Biden and Trump to Go Head-to-Head with Tax and Spend in Focus

On Thursday evening, the US electorate – amongst others – will be tuning into CNN where President Joe Biden will go head-to-head with former President Donald Trump for their first live TV debate of the 2024 election.

The debate, held in Atlanta, Georgia, will mark the first time a debate has taken place between a sitting president and a former president.

Given the scenes in the 2020 election debates, the presidential candidates’ microphones will be muted while the other is speaking. It is also of interest to note that no pre-prepared notes will be allowed on stage, meaning that both will have appeal to their memory.

As the FT’s Oren Cass noted in an article yesterday, with the annual US budget deficit nearly at $2tn – and interest payments on debt now exceeding that of spending on defence – the debates around tax and spend must come against the backdrop of Washington’s existing fiscal position.

As we looked at earlier this month, one issue that could well be debated on Thursday is the Tax Cuts and Jobs Act of 2017. This was essentially the largest change to the tax code in decades, reducing taxes for tens of millions of households and business across the US economy, but since many of the cuts are set to expire next year, it is back as a key topic of debate.
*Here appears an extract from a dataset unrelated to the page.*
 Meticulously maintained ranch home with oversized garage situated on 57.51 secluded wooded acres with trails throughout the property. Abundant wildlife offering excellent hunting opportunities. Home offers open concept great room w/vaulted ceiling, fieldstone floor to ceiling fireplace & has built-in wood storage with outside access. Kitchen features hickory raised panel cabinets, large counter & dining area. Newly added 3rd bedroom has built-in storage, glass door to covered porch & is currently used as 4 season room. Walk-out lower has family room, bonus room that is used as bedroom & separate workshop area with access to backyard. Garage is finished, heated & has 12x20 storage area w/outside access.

For example, according to the Congressional Budget Office, extending all cuts for another decade would cost some $3.5 trillion, eating ever further into the US’s gargantuan public debt. (This means that extending the TCJA would amount to the public deficit being around 1 to 1.5% of GDP higher per year).

Cass’ article goes on to cite William Gale and Andrew Samwick’s argument that “the historical evidence and simulation analyses suggest that tax cuts that are financed by debt for an extended period of time will have little positive impact on long-term growth and could reduce growth.” As such, Cass considers that any major tax cuts announced in the US could impede – rather that catalyse growth – given their debt position.
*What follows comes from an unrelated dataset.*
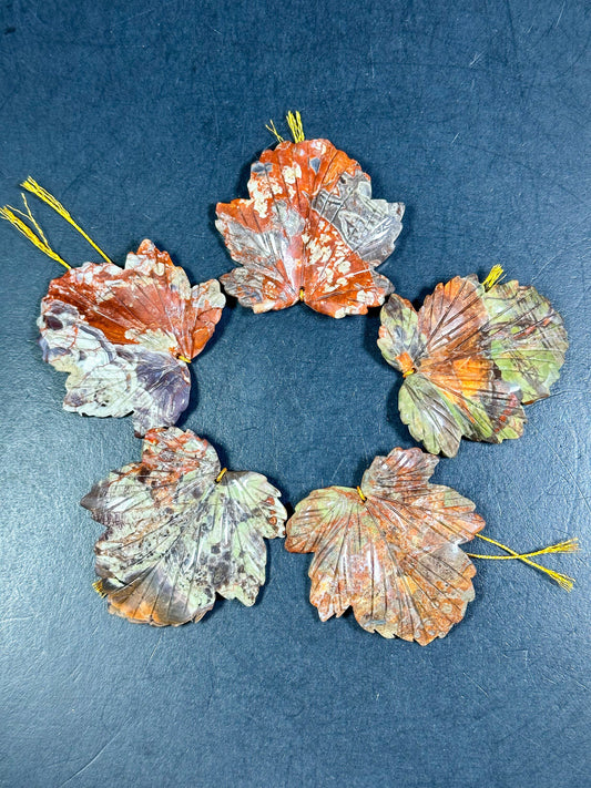 Beautiful Natural Hand Carved Mushroom Jasper Gemstone Pendant 58mm Maple Leaf Shape, Beautiful Red Orange Brown Color Loose Jasper Pendant

Such an assessment will no doubt be debated by Trump and Biden, with the former more likely to seek to extend the TCJA further out into the future (and no doubt funding it through further borrowing).
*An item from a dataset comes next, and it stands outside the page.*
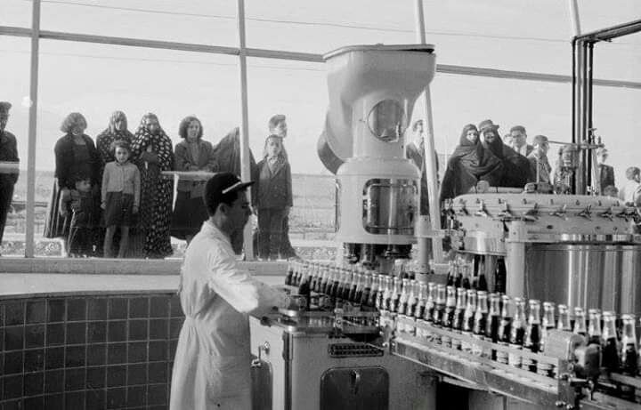 دهه ۳۰ و ۴۰ شمسی زمان توسعه صنعت در بخشهای مختلف در ایران بود و از همین رو دستگاههای غول پیکر صنایع و تکنولوژیهای جدید برای مردم جذاب بود. یکی از صنایع جذاب در دهه ۳۰، خط تولید نوشابه کوکاکولا بود که مردم می توانستند از پشت شیشه روش تولید و بسته بندی آن را تماشا کنند. در تصویر زیر این موضوع کاملا عیان است، گویی این کارخانه یک موزه زنده بوده که همه جزییات آن برای مردم دیدنی است. منبع: همشهری آنلاین

For more on the article follow the link here.

Mongolian Elections

Talk of the French, UK and US elections has continued to dominate headlines this month. One election that has perhaps fallen under the radar however is the Mongolian elections.

On 28 June, the Mongolian electorate will head to the polls to decide the makeup of all 126 seats in the State Great Khural.

This is the first time that the State Great Khural will be chosen under a new voting system which aims to increase polarity and accountability by using a mixture of proportional representation and block plurality methods.

Not long ago, protests erupted around the country following a corruption scandal which involved the embezzlement of $13bn dollars’ worth of coal exports, with links to those in office.

Corruption therefore continues to be a salient issue over the course of this election, as does the economy, the environment and the country’s foreign policies.

The incumbent government – The Mongolian People’s Party (MPP) – who have a considerable parliamentary majority have ambitious plans for growth, with its landmark ‘Vision 2050’ aiming to increase GDP from $13.1bn today to a monumental $209bn by 2050.

In doing so, they are seeking to increase GDP per capita from $4,000 to $38,000 through six percent annual growth. (Real GDP in Mongolia grew 7% in 2023).

Mongolia continues to position itself as a major exporter of raw materials – including coal, copper and gold – to China and Russia in addition to other economies across Asia and further afield. (China itself accounts for 8 in every 10 dollars of goods and services exported from Mongolia).

Mongolia will also seek to massively increase tourism over the coming years as they seek to diversify their economy away from natural resources.

Attention now turns to the election on Friday.

Today’s Data

While today is a little light on the primary data front, attention will turn to Canadian inflation figures released at 1330 this afternoon as markets continue to speculate on the BoC future monetary pathway following their cut earlier this month. This comes ahead of US consumer confidence figures at 1500.